▶ TASK TO CARRY OUT:
Copy, please, the line with "한국 스타일 아동복 2025" and each line that follows it through the end of the data below, exactly as given and without pictures.

**** PROVIDED RECORDS

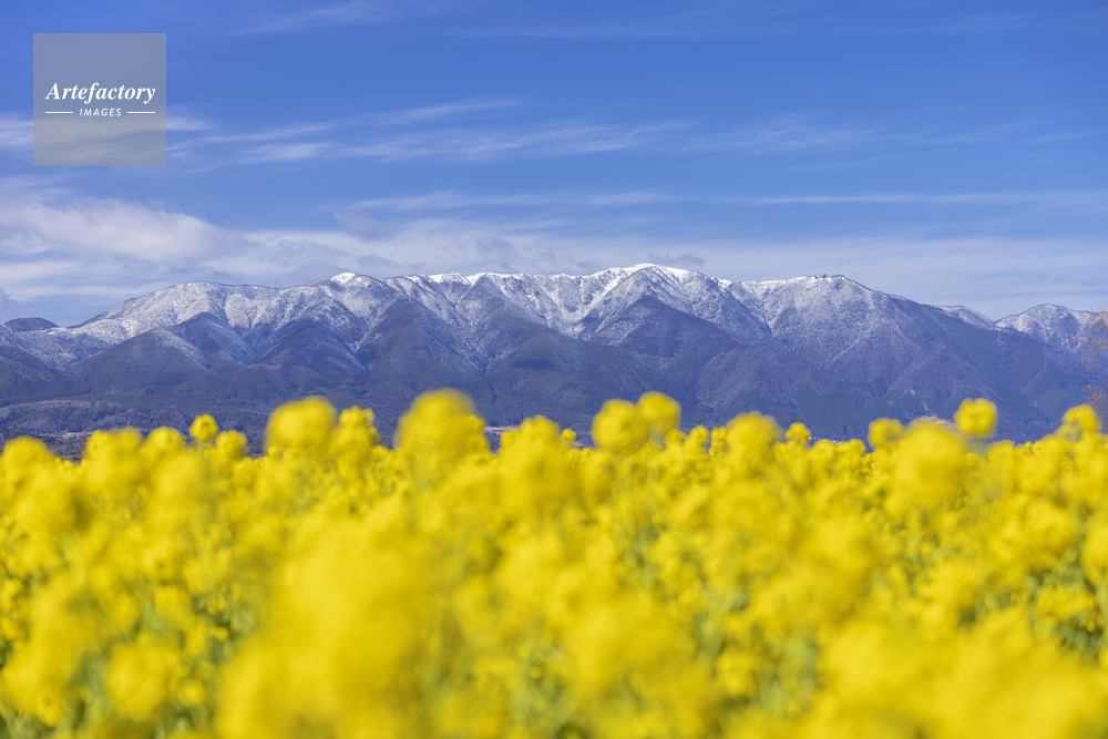 | 作品タイトル | ナノハナ咲くなぎさ公園と雪の比良山 | モデルリリース | なし | |
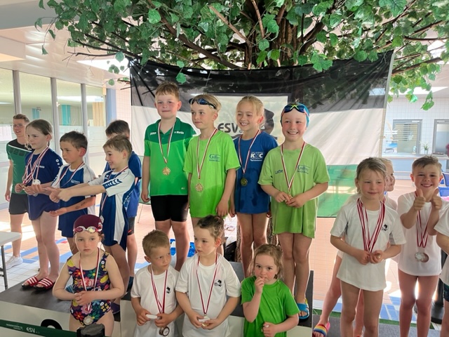 Im Schwimmarten-Mehrkampf ging es dann über 50m Beinbewegung, 100m und 200m einer Schwimmart, sowie über 200m Lagen und 400m Freistil. Hier konnte Pia May Ludwig den Pokal und Goldmedaille und Ida Erhard die Bronzemedaille, beide Jahrgang 2012, über die Rückendisziplin in Empfang nehmen. Marie Ziegerahn Jahrgang 2011 konnte sich ebenfalls in diesem Mehrkampf die Silbermedaille erkämpfen. Phoebe Sturmfels, Jahrgang 2012, absolvierte die Brustdisziplinen und erkämpfte sich die Bronzemedaille. Levi Littmann, Jahrgang 2011, absolvierte die Freistildisziplinen und erkämpfte sich die Silbermedaille. Weitere Teilnehmer waren Celine Werner, Marie Lienert und Janis Lück. Alle 3 sind knapp am Podest vorbei geschwommen und erreichten in ihren Mehrkämpfen jeweils den 4. Platz. Lukas Lemke, Nela Willim und Stella Lotte Krauße konnten sich in diesem großen Starterfeld über neue Bestzeiten freuen. Allen Schwimmerinnen und Schwimmern herzlichen Glückwunsch.
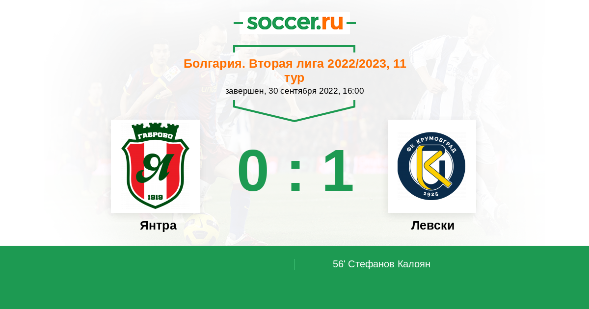 Протокол матча Янтра против Левски
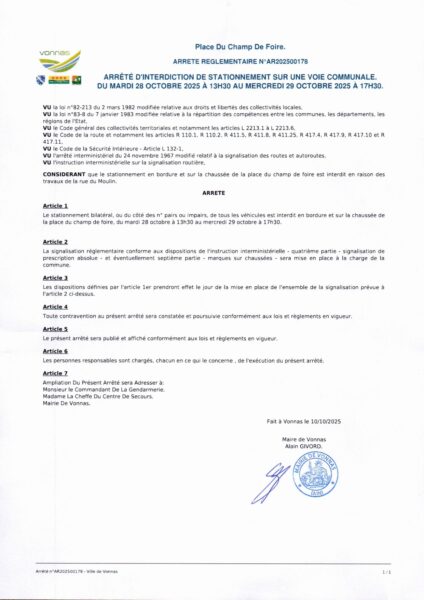 Afin d’assurer le bon déroulement de l’installation, le stationnement sera interdit du mardi 28 octobre à partir de 13h30 au mercredi 29 octobre à 17h30, sur la place du champ de foire.
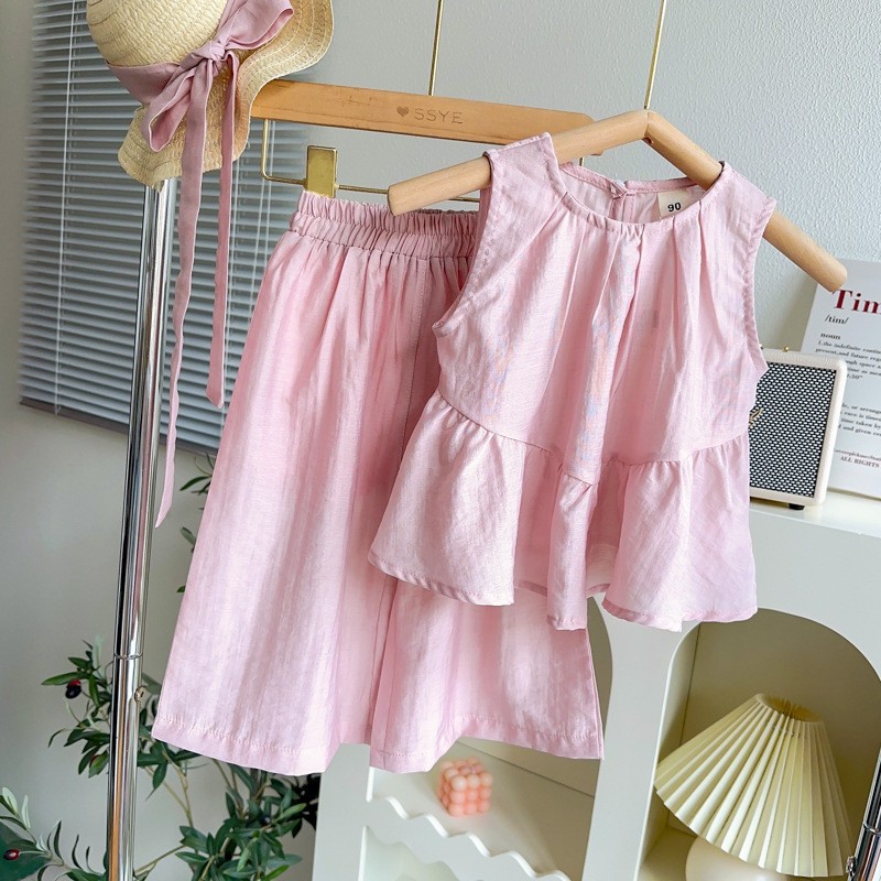 한국 스타일 아동복 2025 여름 신상 여아용 베이비셔츠 조끼 와이드 팬츠 투피스 캐주얼 여름옷스토어 가기
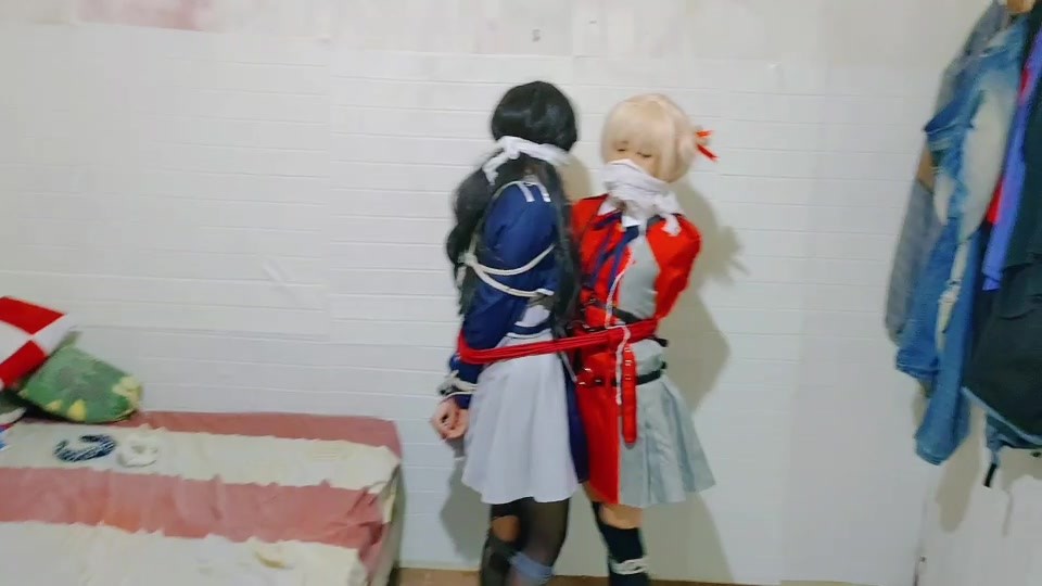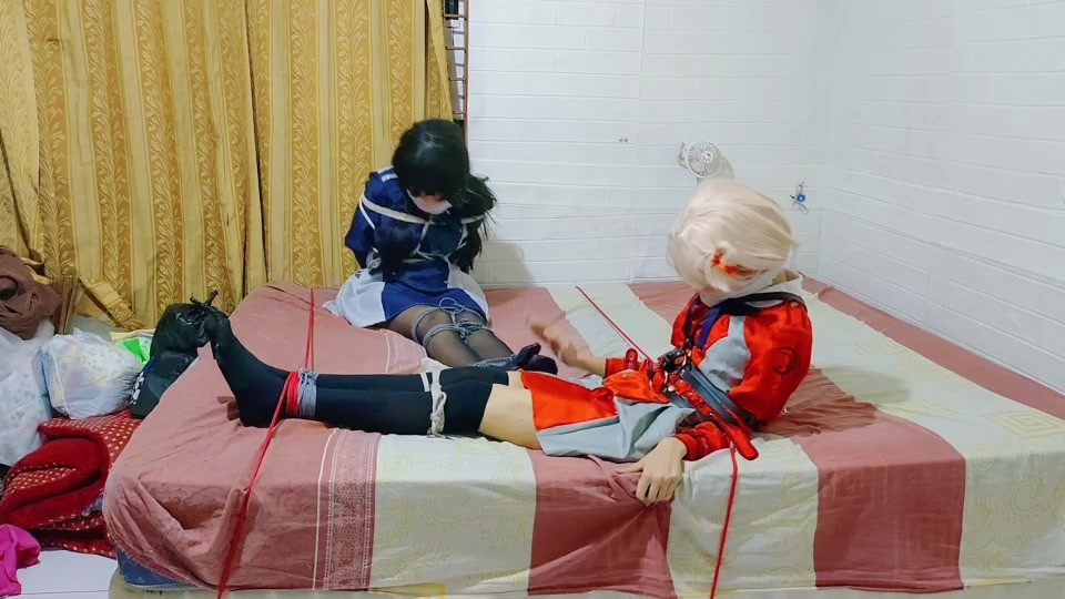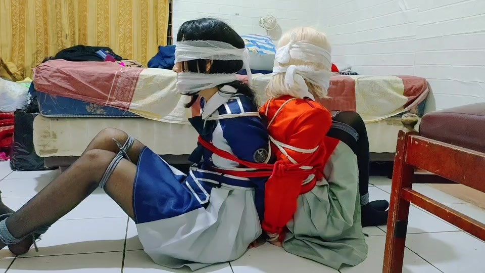第一部分是兩個女孩凍在椅子上,嘴上纏著繃帶。 即使位置背靠背,他們也不能互相幫助。 然後他們被背靠背綁起來,但閉著眼睛,想在繩子上找個縫隙打開逃脫,但太困難了。 第三部分兩個女孩被綁在床上。 它們被固定在床墊上,因此即使嘗試也無法站立。 最後我試著讓他們面對面站起來。 這兩個女孩度過了一個艱難而壓抑的夜晚
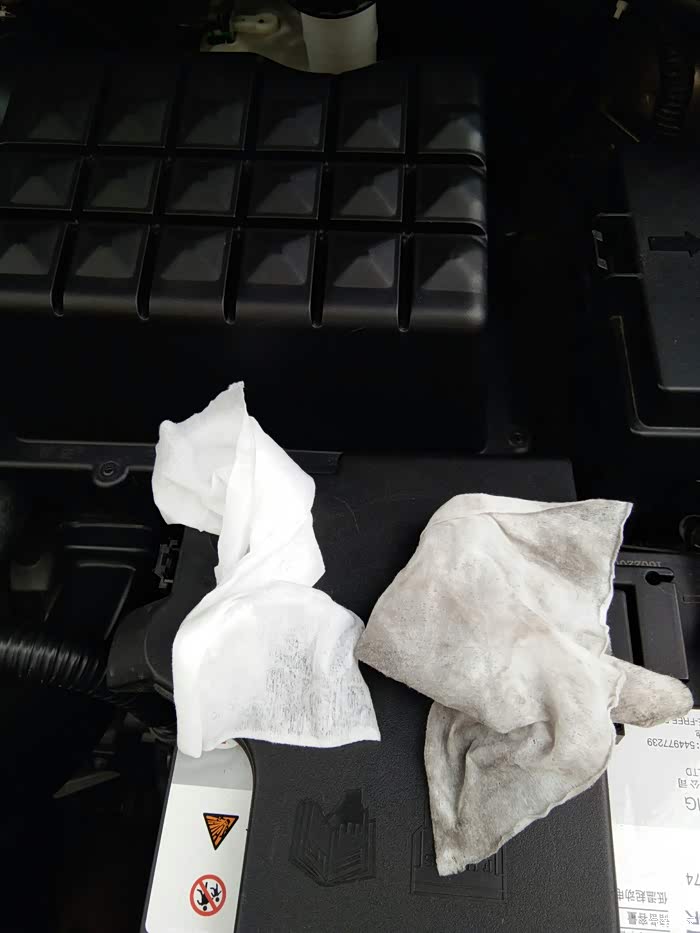 擦过空滤空滤盒的纸巾和没用过的纸巾对比,还是很脏的
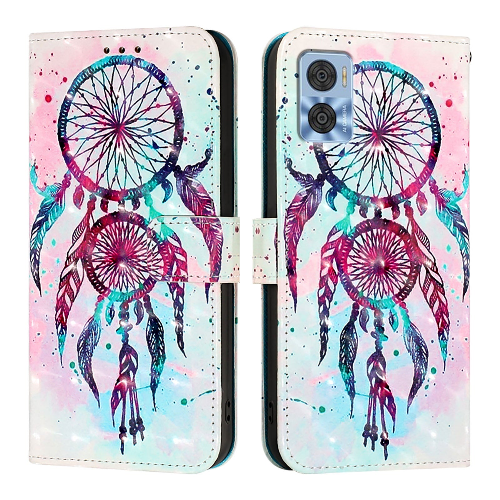 Give your Motorola Moto E22 a stylish upgrade with this beautifully designed leather flip phone case featuring eye-catching 3D artwork. Crafted from premium-quality PU leather combined with a robust TPU interior, this case ensures your device stays protected against everyday scratches, dirt, wear, and tear.
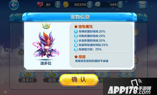 潘多拉对加速带加速时间和加速能力都有加成,同时对导弹、闪电、水泡伤害时间都有减弱效果,技能是有概率在受到伤害时不减速。这个宠物在酷跑模式是没有任何属性的。技能对操作失误次数多的小伙伴来说还是很好的。
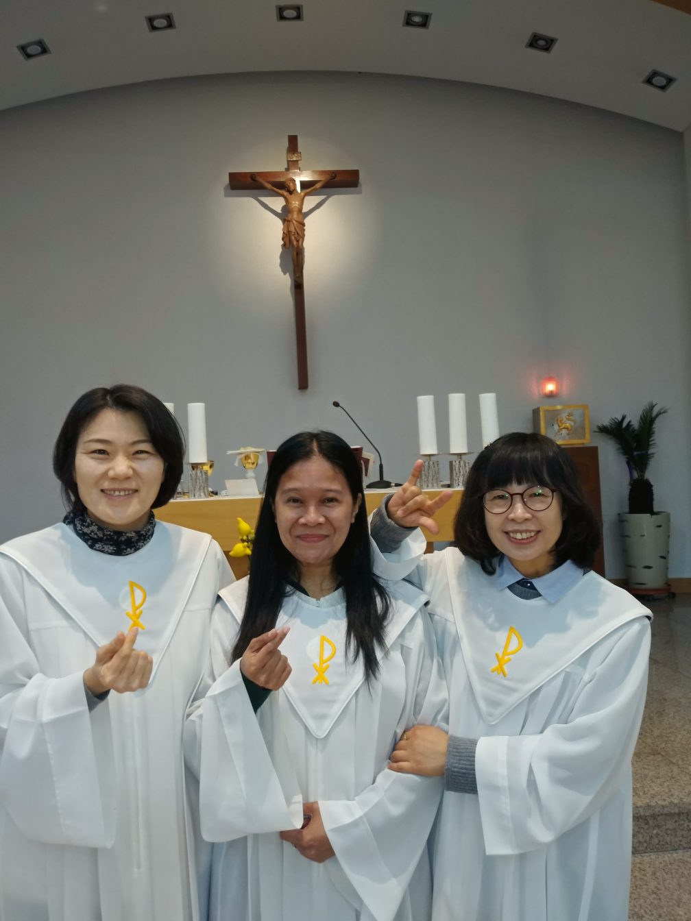 Being assigned to a new Korean parish inevitably left me feeling apprehensive. However, thanks to my new parish priest, Fr. Joseph Jang and the parishioners, who were very supportive, I gained more self-confidence and grew spiritually. Once a week I would read the readings in Korean during the mass. I felt awkward doing so yet grateful when they congratulated me afterwards. If you were to ask me, what in particular was my main mission in the parish, my answer would be ‘My presence’. Just being there with them in whatever way I could and support them whenever they needed me.

********

▶ REPLY TO THE TASK:
 한국 스타일 아동복 2025 여름 신상 여아용 베이비셔츠 조끼 와이드 팬츠 투피스 캐주얼 여름옷스토어 가기
第一部分是兩個女孩凍在椅子上,嘴上纏著繃帶。 即使位置背靠背,他們也不能互相幫助。 然後他們被背靠背綁起來,但閉著眼睛,想在繩子上找個縫隙打開逃脫,但太困難了。 第三部分兩個女孩被綁在床上。 它們被固定在床墊上,因此即使嘗試也無法站立。 最後我試著讓他們面對面站起來。 這兩個女孩度過了一個艱難而壓抑的夜晚
 擦过空滤空滤盒的纸巾和没用过的纸巾对比,还是很脏的
 Give your Motorola Moto E22 a stylish upgrade with this beautifully designed leather flip phone case featuring eye-catching 3D artwork. Crafted from premium-quality PU leather combined with a robust TPU interior, this case ensures your device stays protected against everyday scratches, dirt, wear, and tear.
 潘多拉对加速带加速时间和加速能力都有加成,同时对导弹、闪电、水泡伤害时间都有减弱效果,技能是有概率在受到伤害时不减速。这个宠物在酷跑模式是没有任何属性的。技能对操作失误次数多的小伙伴来说还是很好的。
 Being assigned to a new Korean parish inevitably left me feeling apprehensive. However, thanks to my new parish priest, Fr. Joseph Jang and the parishioners, who were very supportive, I gained more self-confidence and grew spiritually. Once a week I would read the readings in Korean during the mass. I felt awkward doing so yet grateful when they congratulated me afterwards. If you were to ask me, what in particular was my main mission in the parish, my answer would be ‘My presence’. Just being there with them in whatever way I could and support them whenever they needed me.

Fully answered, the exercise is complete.